À Montréal, c’est une nourriture permanente. Il y a énormément de gens qui font ce métier et sont très bons. Je ne parle même pas de la scène anglophone qui excelle avec des groupes magnifiques, comme les Barr Brothers, Spoons et bien d’autres. C’est extrêmement riche, inventif, actif.

Vous savez, tout a changé en musique, ce n’est plus pyramidal, c’est une somme de niches avec plein de choses qui s’y passent et des médias adaptés à certains styles. D’ailleurs, est-ce que la musique est encore à la radio? Bonne question.

En parlant de radio, on commence à être habitué à des artistes qui nous resservent continuellement la même soupe et oublient de se renouveler. C’est loin d’être votre cas, chaque album est tellement différent!

C’est ce qu’on m’a reproché tout au long de ma carrière. Ça prend plus de temps, forcément. Mais, maintenant, les gens qui me suivent s’attendent précisément à recevoir quelque chose de nouveau à chaque fois. Même, ils seraient déçus si je sortais un album qui ne serait qu’une sorte de caricature du précédent. Ils savent qu’il y a un chemin, un effort à fournir. C’est le propre de mon public, sa grande qualité, et je ne l’échangerais pour rien au monde.

Et le public belge?

Il ressemble aux Québécois et au Nord de la France. Il y a une spontanéité, on ne regarde pas forcément la réaction du voisin pour exprimer la sienne. Ce sont des publics assez réactifs.

En parlant du Monde Perdu, je ne peux pas m’empêcher de vous poser cette question: après plus de trente ans de carrière, ne vous sentez-vous pas parfois comme un dinosaure?

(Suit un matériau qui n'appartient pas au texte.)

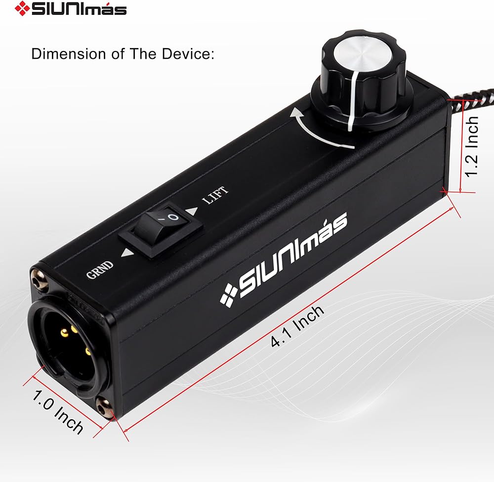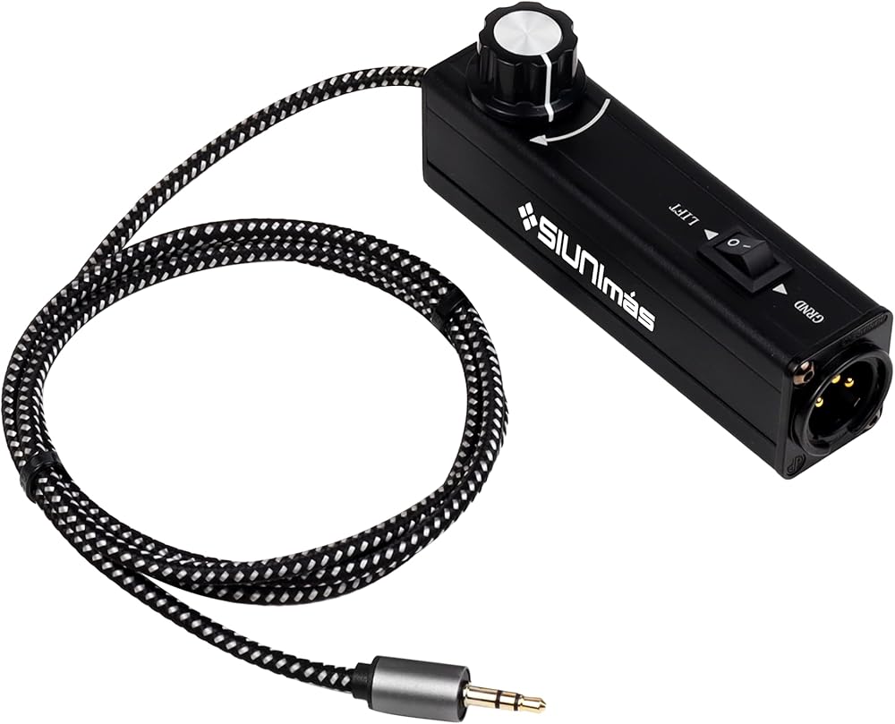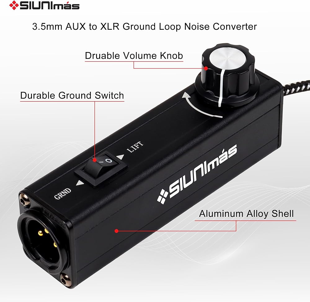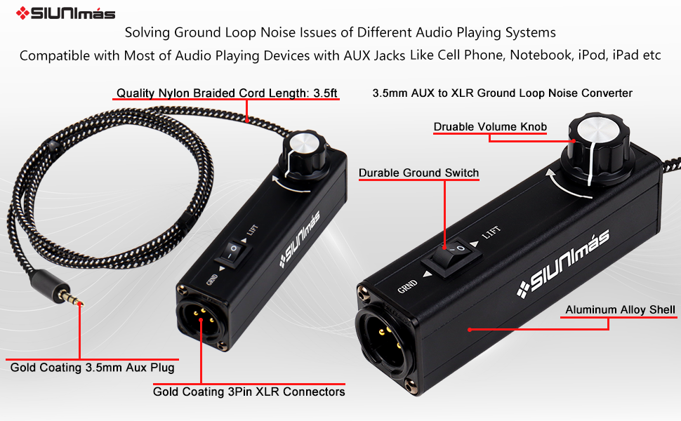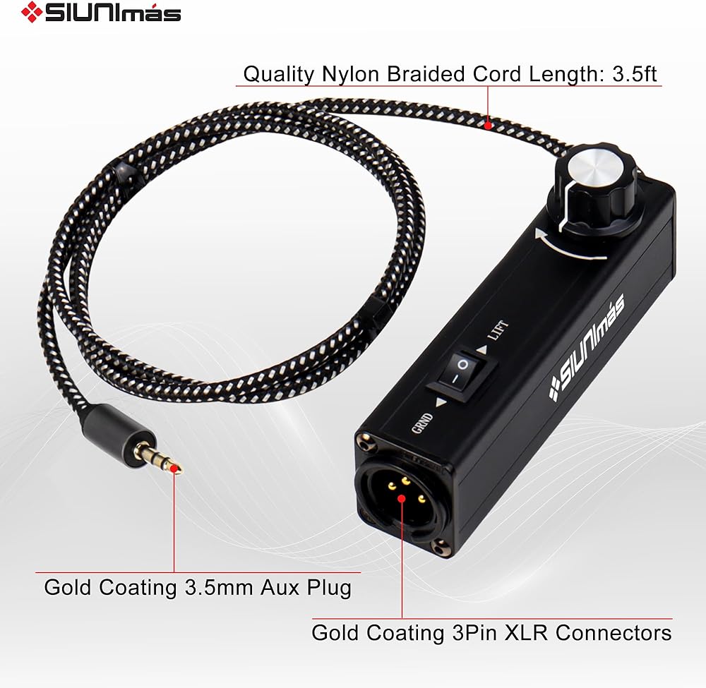 1. SIUNIMAS Pro 01A AUX to XLR 3Pin noise isolation direct box with volume controller and grounding switch build-in nylon braided cord length 3.5ft quality durable 3.5mm AUX plug perfectly for trying in any cell phone, ipad, computer, ipod, MP3, laptop, notebook etc.

Je ne compte pas les années de carrière, mon meilleur album sera le prochain. Après, « Le monde perdu », c’est le titre d’une chanson qui parle d’un amour perdu. Un très joli texte de Miossec. Mais une fois élevé au titre d’album, je lui vois une multitude de significations. Mais j’y vois plutôt une innocence perdue, une enfance, quelques choses en rapport avec les années 70.

La tournée, c’est quelque chose qui me nourrit et me nourrira encore le plus longtemps possible. C’est là qu’on accumule la matière pour imaginer des albums.

Vous pensez déjà au prochain?

Non seulement, j’y pense mais je m’y mets. À chaque retour de tournée. C’est bien comme ça, la vie passe plus vite. (rires)

Vous avez aussi composé pour d’autres artistes comme Johnny Hallyday, Maurane, Miossec, Pagny. Ce sont des collaborations au long cours, non?

Ce n’est pas quelque chose que j’ai cherché à faire, en règle générale. Je n’ai pas un éditeur qui part à la chasse aux titres. Avec ces artistes, ce sont des relations particulières. On m’appelle. C’est très intéressant d’essayer de fabriquer le meilleur écrin pour quelqu’un. C’est quelque chose dont j’ai longtemps eu peur. Peut-être parce que j’avais peur d’y perdre. Mais quand j’ai fini de travailler avec quelqu’un, j’ai l’impression de savoir mieux qui je suis.

Mais, c’est un autre métier, je ne pense pas que les chansons que je fais pour d’autres m’iraient.

Ça tombe bien, vous avez de bien jolies chansons à vous, sur ce dernier album et on sera ravi de les entendre le 7 octobre au Reflektor de Liège, le 8 octobre au Théâtre 140 de Bruxelles dans le cadre du festival Francofaune et le 9 octobre au Foyau à Lustin (Namur). Merci beaucoup Daran!